Преимущественно «архитектурный» пейзаж старинной Москвы захватывает Аполлинария Васнецова; изысканно-узорчато, гармонично в своей пестроте, любовно и чуть иронически трактована русская старина у Андрея Рябушкина; ирония проскальзывает в работах Валентина Серова, посвященных петровскому времени, и в добротных жанровых композициях Сергея Иванова, отделяет его «Приезд иностранца» от простодушной серьезности картин Неврева или Лебедева. Елена Поленова и Иван Билибин поют героев русских сказок, сплетают чудеса Василисы Премудрой и веселую грибную войну с реальным среднерусским пейзажем.

Молодой уфимец Нестеров обращается к житиям святых Сергия, Ольги, Бориса и Глеба, убиенного царевича Дмитрия, к умиленно-светлым старцам, которые тихо молятся среди тонких берез и пушистых елочек. Созвездие молодых «мирискусников» увлекается ретроспекцией, тонкой стилизацией восемнадцатого века, русского ампира…

Отличие Рериха — исторического и эпического живописца — от предшественников и современников очевидно. Справедливо говорят искусствоведы об одиночестве художника среди «мирискусников».

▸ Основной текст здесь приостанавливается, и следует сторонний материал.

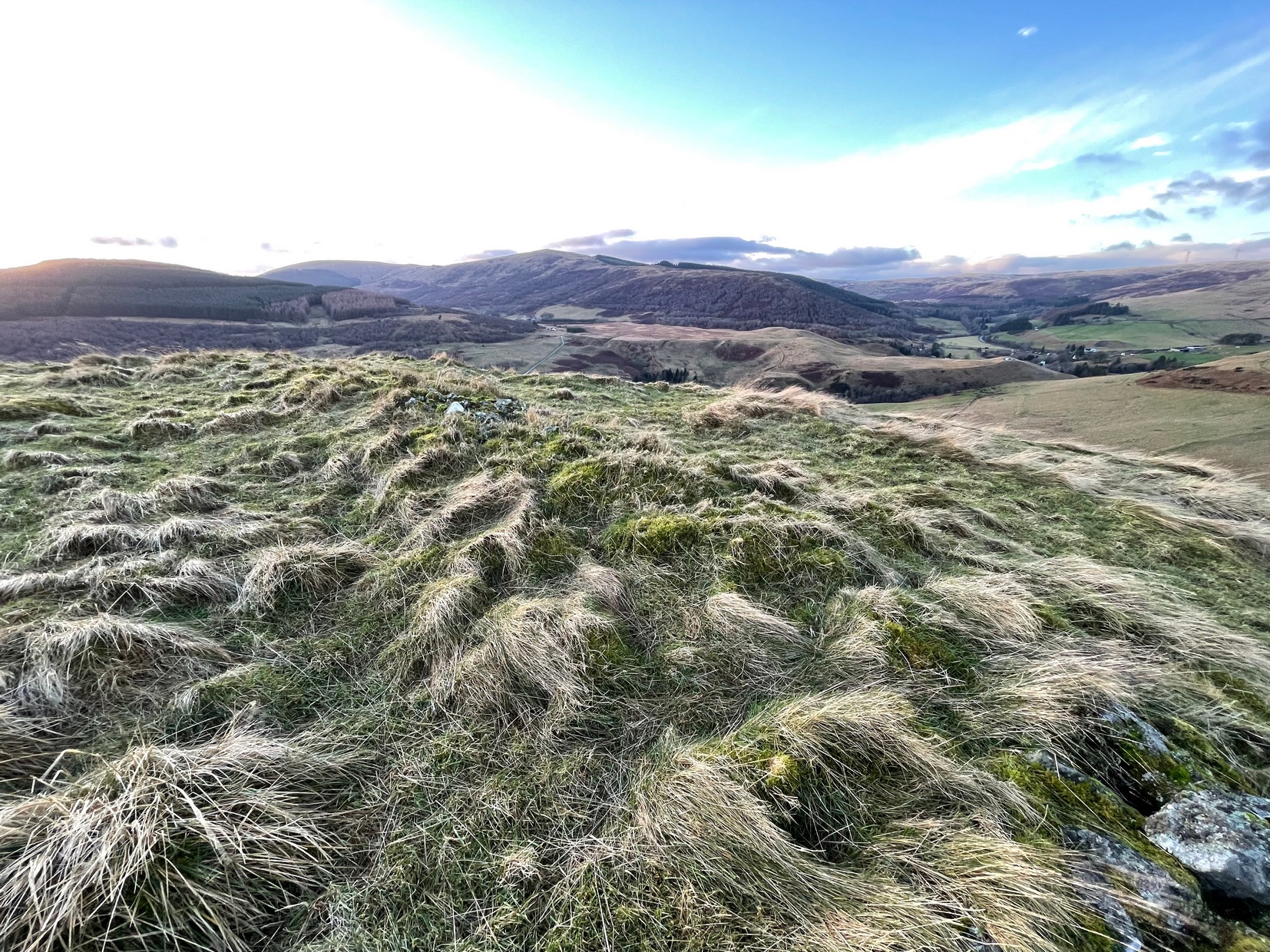Travelling north along the A823 Glendevon road (between Muckhart and Gleneagles), barely 2 miles after Muckhart, on your right you’ll see the large Castlehill reservoir.  Park here.  Across the waters is the large Down Hill—which the hillfort crowns.  So, just walk back the way you came along the road for nearly 600 yards and then turn left to walk onto the other side of the water, round to the very end of the track and then up the path into the trees.  Walk along this winding path for 300 yards until you reach the track that takes you (left) up to Downhill Farm.  One way or the other, past there, just stagger up to the top of the hill!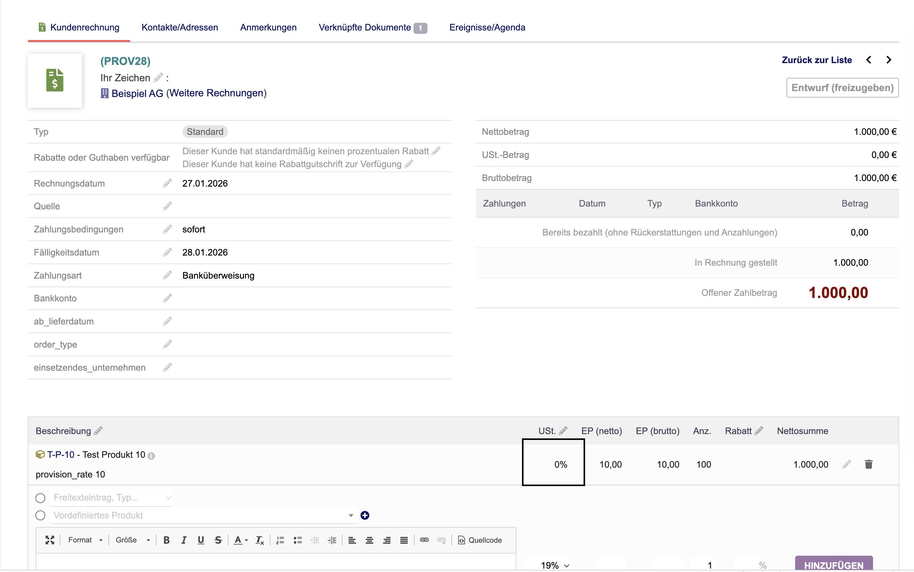 Automatically sets 0% VAT on invoices and proposals for tax-exempt customers. No manual intervention required.

Они в основном тяготеют к сравнительно недалекому историческому анекдоту, он — к доисторической эпике. Живопись «мирискусников» изящна, акварельно легка, кисть Рериха плотна и тяжела. Их природа — очеловеченная, современная, почти дачная, его — подчеркнуто первобытная, дочеловеческая.

Измученные поселяне — предмет изображения, точка приложения «совестливости» передвижников — трудятся где-то за пределами картин художников «Мира искусства». Их натура — барышни под розовыми зонтиками, девочки в кружевных панталончиках, томные франты в высоких цилиндрах. Бенуа и Лансере, Сомов и Бакст не обличают, не негодуют, не рассказывают о горестной жизни русских крестьян и мелких горожан. Рисуя пейзажи Нормандии и Версаля, каналы Венеции, они не отвергают и Россию, не уходят из нее, но уходят в ее прошлое, во времена петровского, только что отстроенного Петербурга, прогулок и охот императрицы Елисаветы, парадов Павла, усадебной идиллии дней Александровых.

Художников увлекает прошлое барочное, классицистское, милый ампир русской провинции, устойчивый уют ее быта (у Кустодиева — в варианте купеческом); тонкие художники боятся наступления Города, фабричных дымов на это прошлое, и все же они по преимуществу художники городские. Пишут не реки — каналы, обнесенные чугунным узором, не озера — копаные прудики, не леса — парки, в крайнем случае ухоженные рощи.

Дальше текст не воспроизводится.